Homonuclear Diatomics (in the 2nd Period) for Spectroscopy 

Useful concepts in spectroscopy and reactivity!

 

1. HOMO

• Highest Occupied Molecular Orbital.

• The “top filled orbital” in the MO diagram.

• Chemically, it’s the orbital that’s most available to donate electrons (e.g. in nucleophilic reactions, or photoemission).

 

2. LUMO

• Lowest Unoccupied Molecular Orbital.

• The first empty orbital above the HOMO.

• It’s the orbital most likely to accept electrons (e.g. in electrophilic attack, or electronic excitations).

 

3. SOMO

• Singly Occupied Molecular Orbital.

• Happens when you have an unpaired electron in the HOMO.

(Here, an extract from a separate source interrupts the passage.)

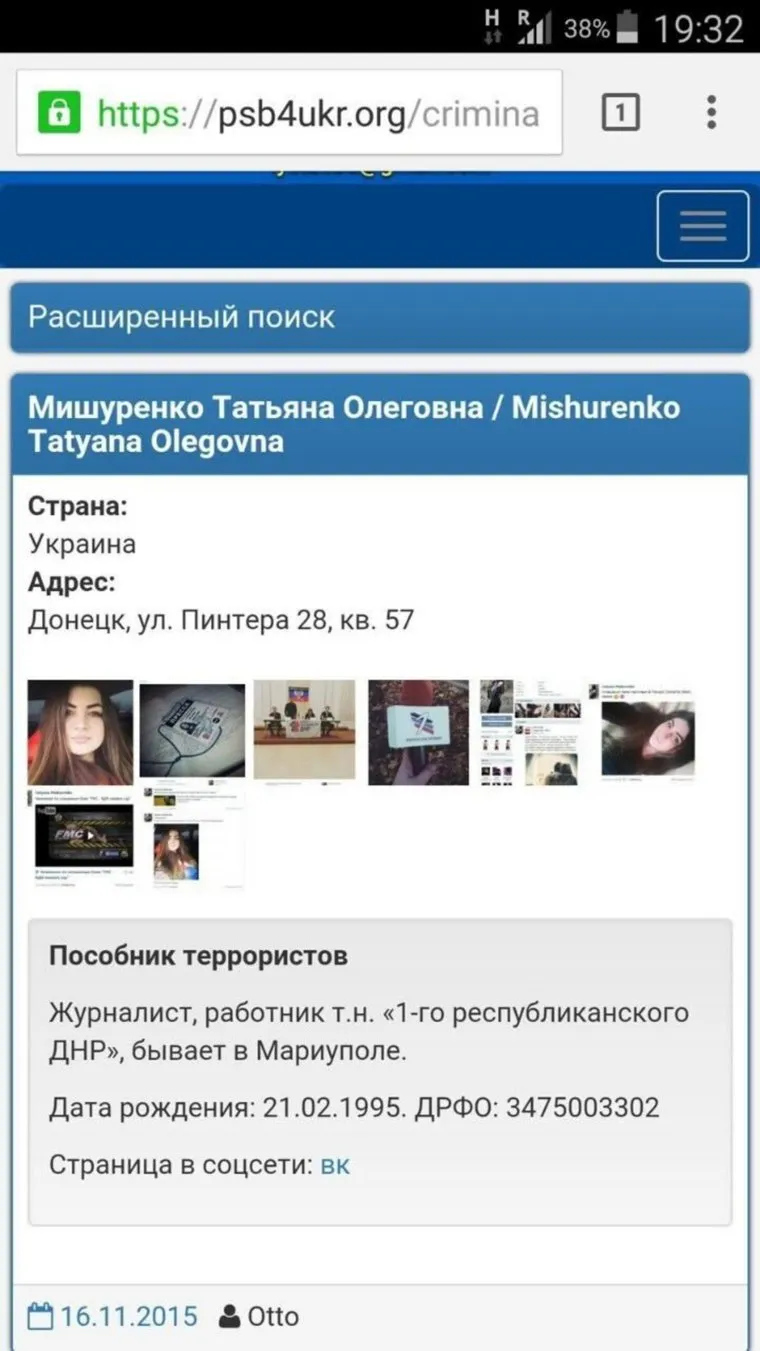 Татьяна тогда училась на факультете журналистики Донецкого национального университета, практику проходила на местном ТВ и это стало основанием, чтобы сторонники националистов записали ее в «пособники террористов». «Только потому, что я хотела работать по специальности, я оказалась врагом Украины — меня „слил“ кто-то из приверженцев украинской власти. Мой мир изменился — теперь я могла жить только в ДНР или России: если бы я попыталась въехать на Украину меня бы посадили. Но это лишь побудило во мне желание рассказывать правду о происходящем в Донецке и Луганске», — рассказывает журналист.

• Key in radicals and paramagnetic species.

• Example: in O₂, the HOMO is actually a pair of degenerate SOMOs (the two unpaired electrons in the π* orbitals).

 

4. Why do they matter?

• HOMO–LUMO gap = energy difference between HOMO and LUMO → determines optical/electronic properties (color, conductivity, reactivity).

• In photochemistry, excitation means promoting an electron from the HOMO → LUMO.

• In reactivity:

  • HOMO = electron donor orbital.

  • LUMO = electron acceptor orbital.

  • SOMO = special case → radicals react differently because of them.

Heteronuclear Diatomics vs. Polyatomics

• Heteronuclear Diatomics: follow the same principles as homonuclear diatomics, but the diagrams are more complicated.

• Polyatomics: MOs spread over all atoms, meaning electron pairs in bonding MOs help bind the entire molecule. Some polyatomic MOs are equally delocalized, others are unevenly distributed.